Back

Blogs

Gemserv develops Green Book Compliant business case for a £100m 'Able to Pay' Loan scheme in South West

View All

Case Studies

Cyber Threat Intelligence for Energy Theft Prevention

View All

Upcoming Events

FairHeat Annual Conference 2024

View All

Webinars

Thoughts

Designing the digital equivalent of a Ford Fiesta

20th Jan, 2021

What do you consider to be your ideal car? Hold that thought, as I will come back to it in a moment.

One of the accepted tenets of digital transformation is that the end user (often the customer) should be at the heart of our thinking, from beginning to end. Every stage of designing, building, testing, delivering, and the continuous improvement of a digital service should be with reference to the user.

Most digital strategies have this as their number one principle1, and an entire industry of User Experience (UX) has grown around involving actual users.

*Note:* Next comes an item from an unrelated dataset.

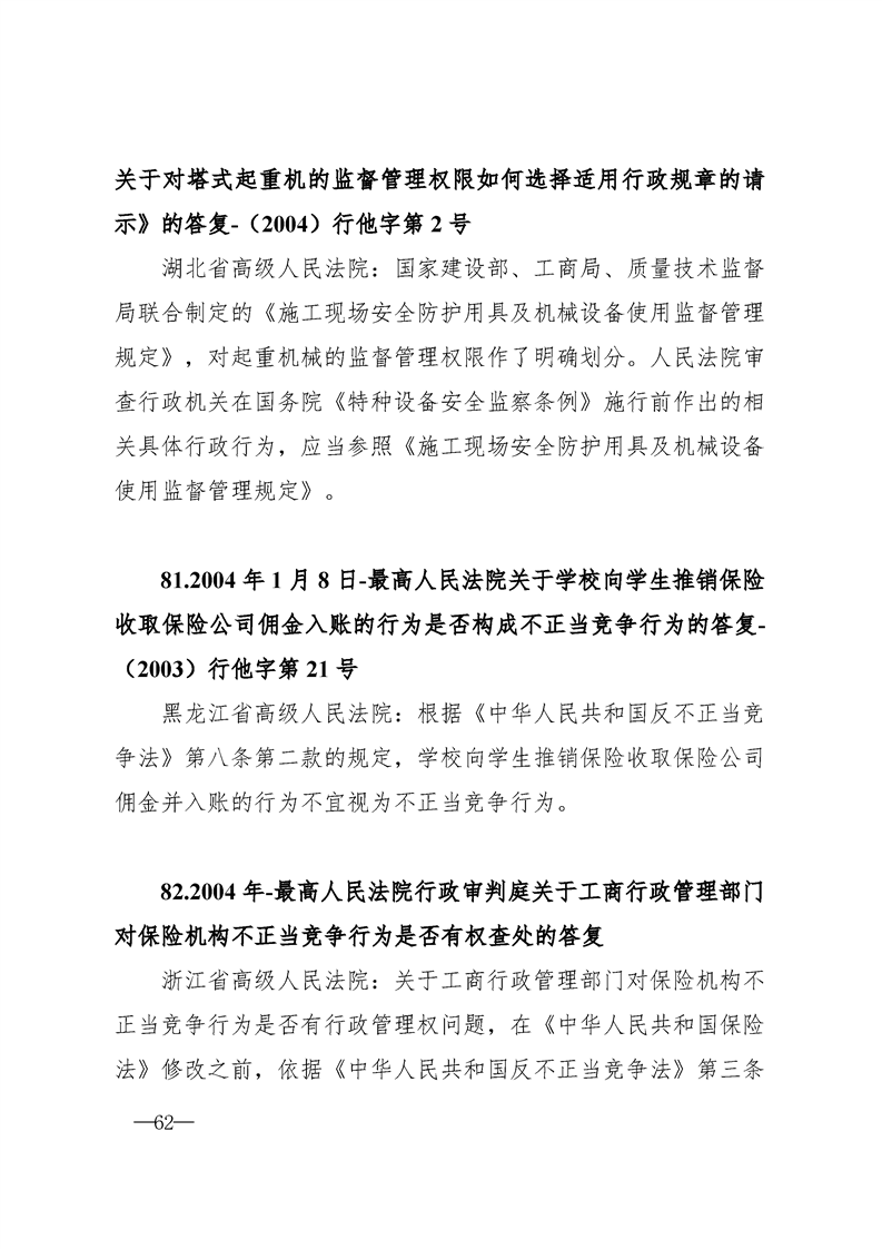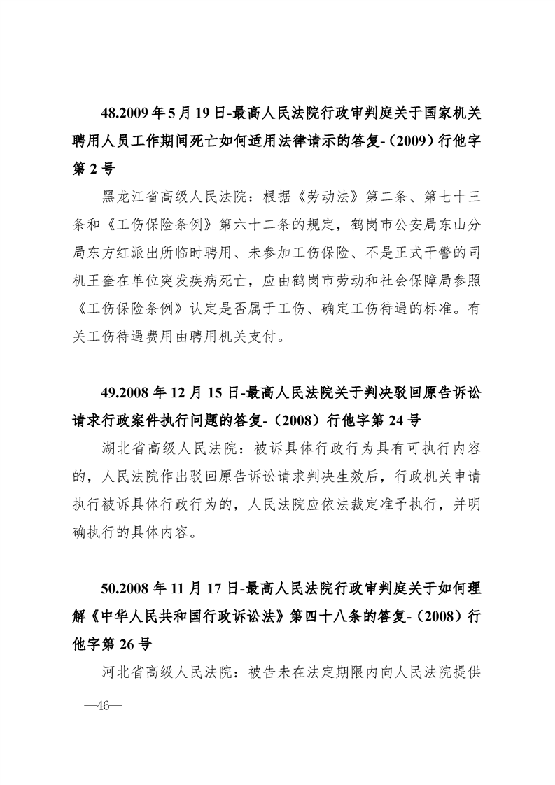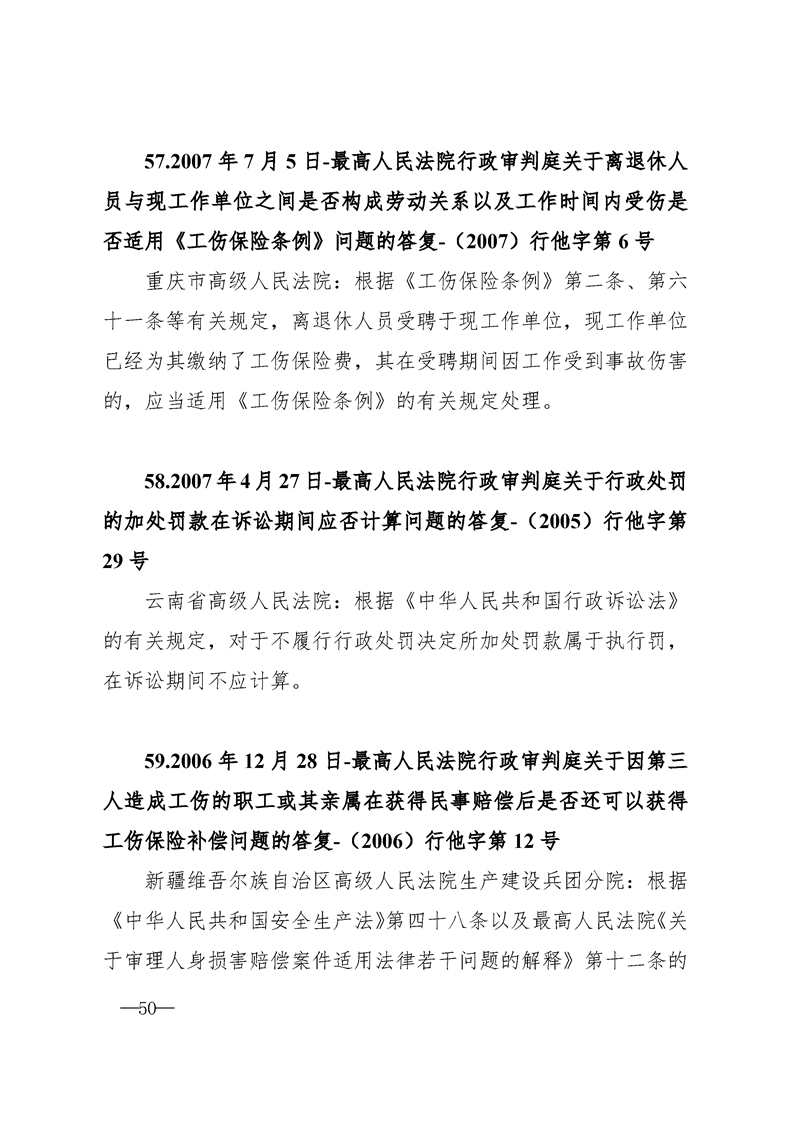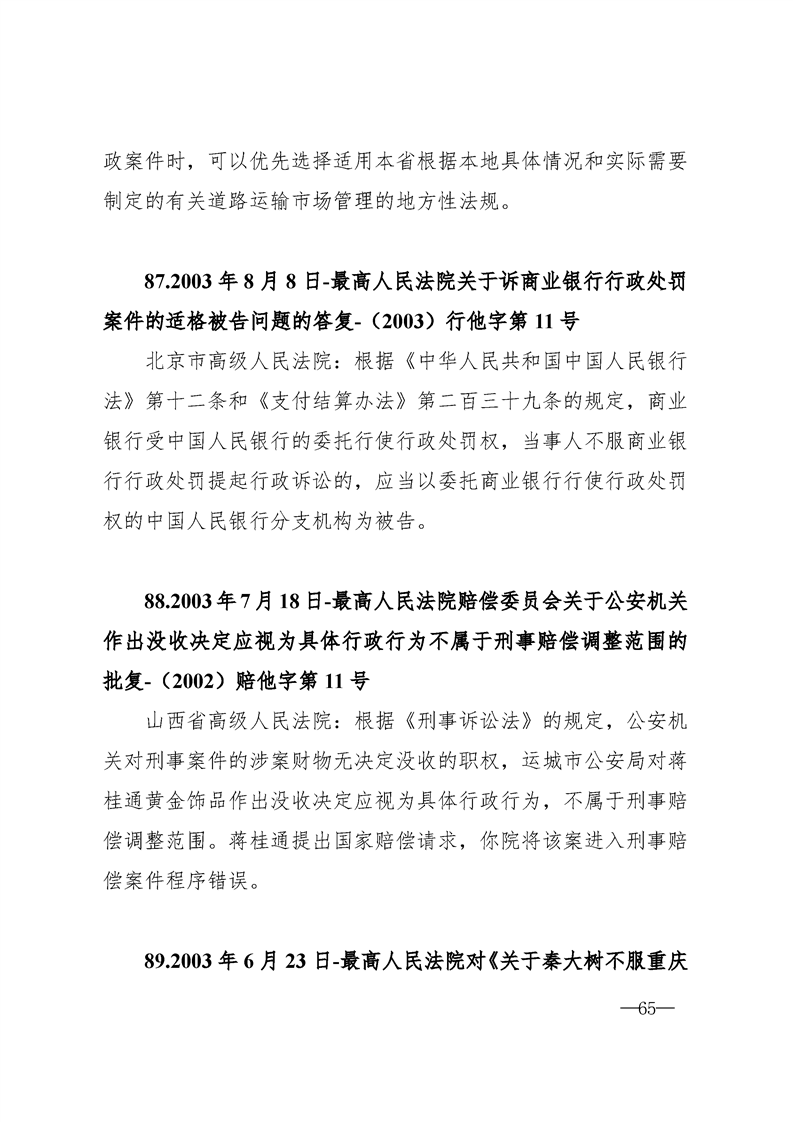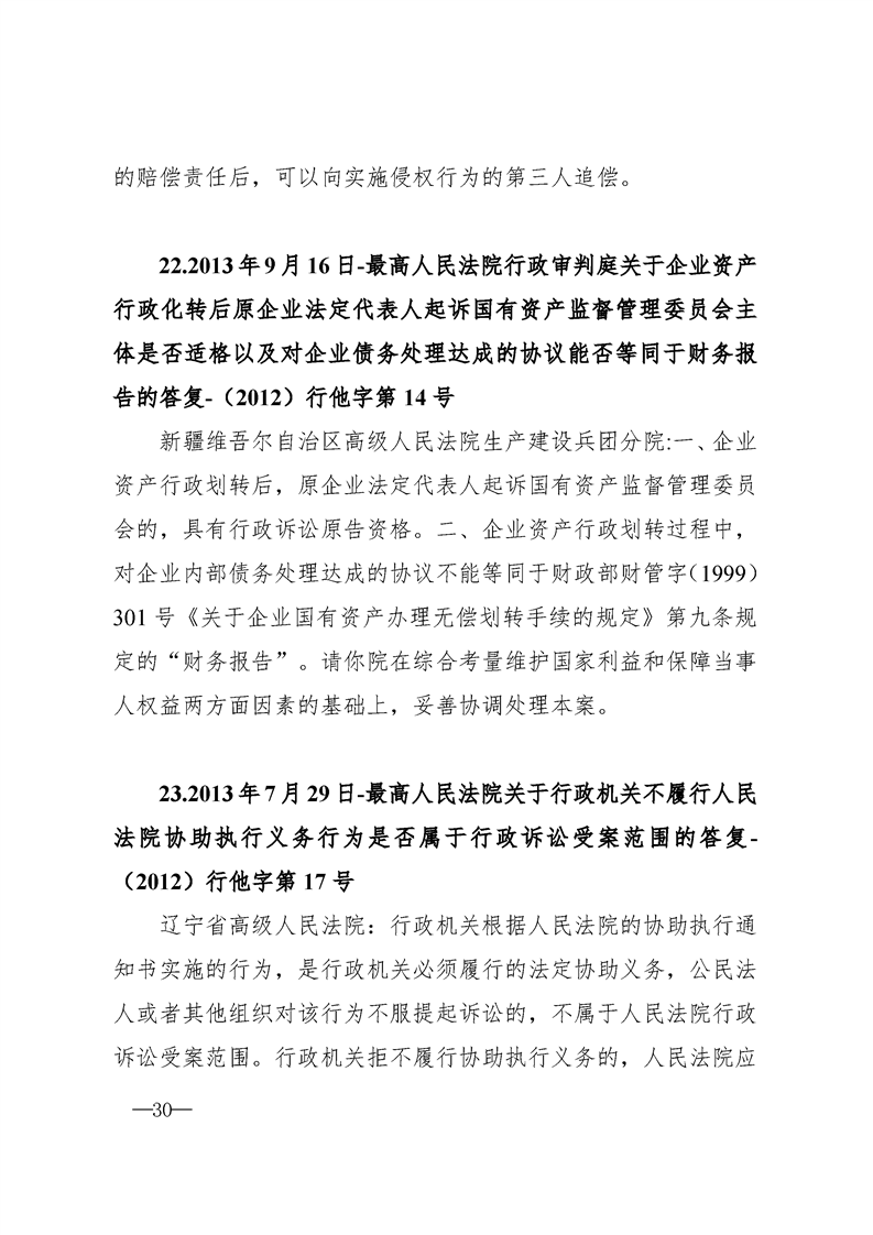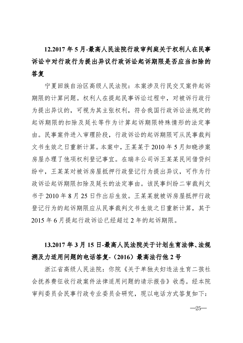 最高人民法院关于行政案件审理的123个答复汇编

Including the user perspective, and objectively measuring how users interact with our services, is crucial to our success.

Having worked in the realm of technology enabled change for much of my professional life, I have seen a shift over the years. Design is no longer in the sole control of the techies – the architects, the software engineers, and the technical designers. “Design thinking”2 may feel like another buzzword, but it is a serious attempt to enshrine empathy with the user into the way we approach problem solving.

Yet there persists a tendency to say one thing and do another. I have witnessed the equivalent of, on the one hand, a vigorous nodding of heads at the idea that the customer comes first, followed by one of several reactions:

There is no need to involve actual users, because we understand what our users want.

This is frequently reinforced when we ourselves are users of our own services. An interesting question to ask is, exactly who are our users, our customers? The answers can be illuminating, and sometimes it is only when we explore this that we realise certain segments of our user community are not being considered at all. It becomes apparent that what we really mean is “we understand some of the needs of some of our users”.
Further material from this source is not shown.